AML exhibits considerable clinical heterogeneity and inter-patient variability. Traditionally, prognostic classification has relied on cytogenetic profiles, stratifying patients into low, intermediate, and high-risk groups to guide therapeutic decisions. However, clinical experience has shown that cytogenetics alone is insufficient for predicting prognosis, particularly for intermediate-risk AML (IR-AML), which accounts for approximately 60% of cases and is marked by significant heterogeneity. 3 This subgroup poses a unique clinical challenge, as the lack of clear prognostic stratification complicates treatment decisions. Thus, there is an urgent need for more precise stratification methods to identify high-risk patients early and inform personalized treatment strategies.4,5
With the development of science and technology, machine learning has emerged as a powerful tool in clinical medicine due to its capacity to analyze large datasets and uncover complex relationships between variables.6–8 In the context of leukemia, researchers have applied machine learning to refine diagnostic and prognostic subgroups, thereby advancing personalized treatment approaches.9,10 For instance, Yu et al. 11 utilized supervised tree classification models and logistic regression to assist in the diagnosis of AML-myelodysplasia related changes (MRC) , based on the mutational spectrum of 177 AML patients, establishing a clinically applicable risk scoring equation. Similarly, Eckardt et al. 12 employed nine machine learning models to predict complete remission and 2-year overall survival (OS), integrating clinical, laboratory, cytogenetic, and molecular data from 1383 AML patients receiving intensive induction therapy. Moreover, Park et al. 13 conducted unsupervised clustering of 279 elderly patients based on chromosomal abnormalities and gene mutations, identifying nine distinct clusters. Didi et al.14,15 developed an artificial intelligence-based prediction model using 52 diagnostic variables, which identified the most decisive factors for OS across different treatment regimens.
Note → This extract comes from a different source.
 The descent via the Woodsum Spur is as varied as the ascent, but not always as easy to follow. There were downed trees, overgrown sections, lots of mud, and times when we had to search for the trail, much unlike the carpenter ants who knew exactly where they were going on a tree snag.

While these studies demonstrate the potential of machine learning in AML diagnosis and treatment, several limitations remain. Notably, the stratification of AML with intermediate-risk karyotypes has not been sufficiently addressed, and challenges such as small-sample sizes, uneven data distribution, and significant missing data often arise when the problem is further refined. Additionally, many current clinical prediction models lack interpretability, making it difficult to explain predictions and analyze the importance of specific features.
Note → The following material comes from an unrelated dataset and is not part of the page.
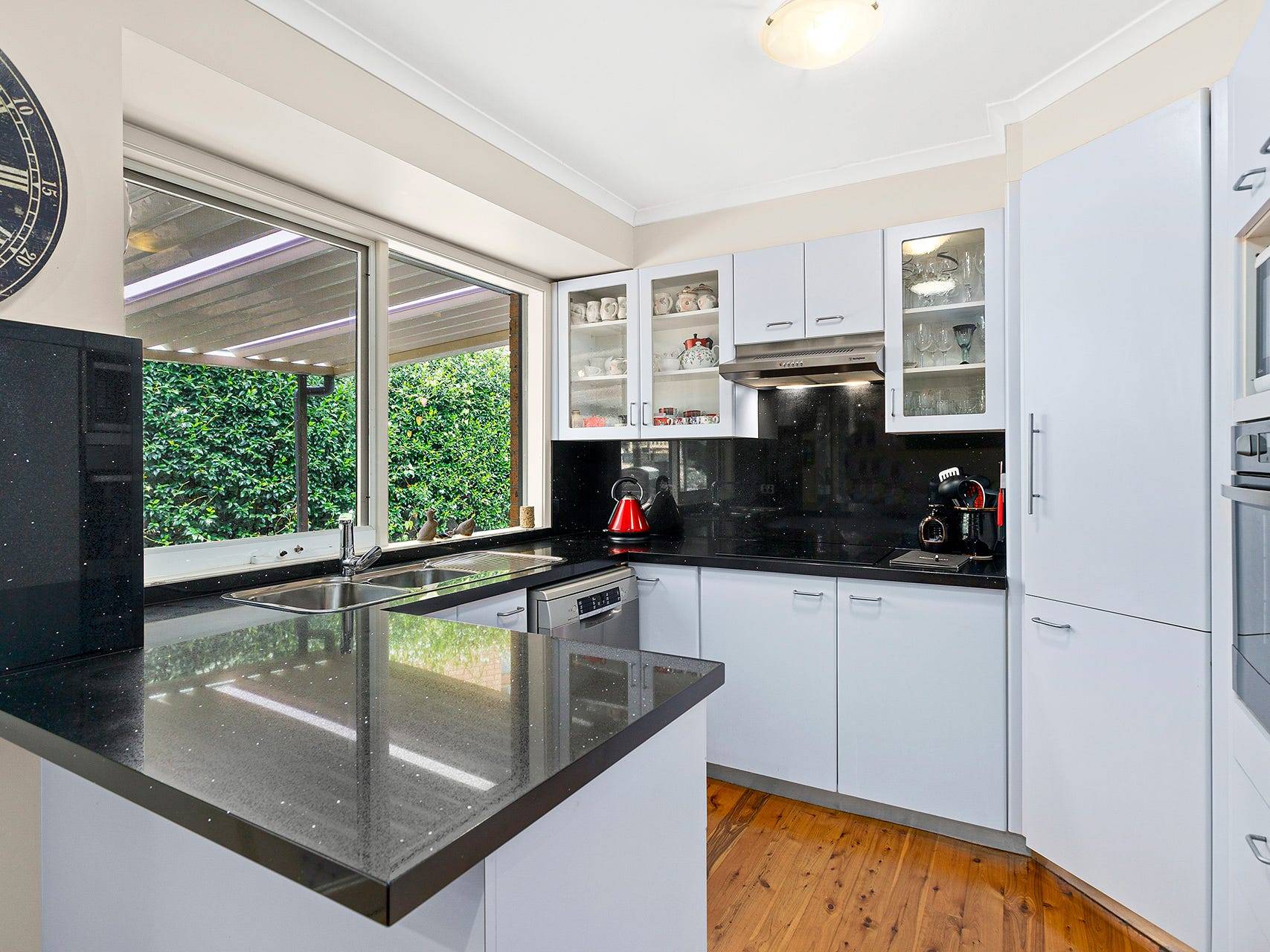 The property comes recently re-painted throughout and features an expansive lounge room with polished timber floors, plantation shutters and a sweeping northerly escarpment outlook. The combined kitchen and dining area opens to a private undercover al fresco dining and entertaining area and low maintenance landscaped backyard with detached garden studio.

In this study, we aim to address the variability in clinical outcomes for patients with IR-AML using supervised machine learning methods, including random forests (RF), gradient-boosted decision trees (GBDT), and eXtreme Gradient Boosting (XGBoost). We combined data from Tsinghua Changgung Hospital with publicly available data from The Cancer Genome Atlas (TCGA) database to form a multicenter dataset. By incorporating basic clinical information such as age, gender, and gene mutation profiles, we sought to predict OS and use SHapley Additive exPlanations (SHAP) values to elucidate feature importance and enhance model interpretability. Ultimately, our goal is to refine prognostic stratification and improve clinical decision-making for this challenging subgroup.
Materials and methods
The methodology employed in this study for the preparation and preprocessing of data, the construction of related models, and their subsequent evaluation is illustrated in Figure 1.
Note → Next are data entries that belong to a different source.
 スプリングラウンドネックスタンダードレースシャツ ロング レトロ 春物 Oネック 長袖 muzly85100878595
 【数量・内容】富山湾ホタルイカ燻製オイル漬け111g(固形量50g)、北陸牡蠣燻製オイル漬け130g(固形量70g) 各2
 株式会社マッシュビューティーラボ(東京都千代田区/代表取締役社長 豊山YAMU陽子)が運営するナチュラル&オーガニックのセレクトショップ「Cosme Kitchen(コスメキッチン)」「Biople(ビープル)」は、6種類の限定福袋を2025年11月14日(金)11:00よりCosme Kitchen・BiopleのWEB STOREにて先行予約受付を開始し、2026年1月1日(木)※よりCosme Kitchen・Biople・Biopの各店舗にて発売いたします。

Flowchart of the prognostic hierarchical model.
Data and preprocessing
This study is a retrospective study. The patient data used in this study consisted of 96 samples from patients with IR-AML, collected from September 2008 to September 2014 at Beijing Tsinghua Changgung Hospital. It was authorized by the Ethics Committee of Beijing Tsinghua Changgung Hospital with the approval document number (23326-0-01) and was processed according to the principles of the Declaration of Helsinki. An additional 200 samples were obtained from the AML dataset of the TCGA database (from 2001 to 2010) for further screening. All patients who participated in the study provided informed consent. This study was reported in accordance with the STROBE guideline.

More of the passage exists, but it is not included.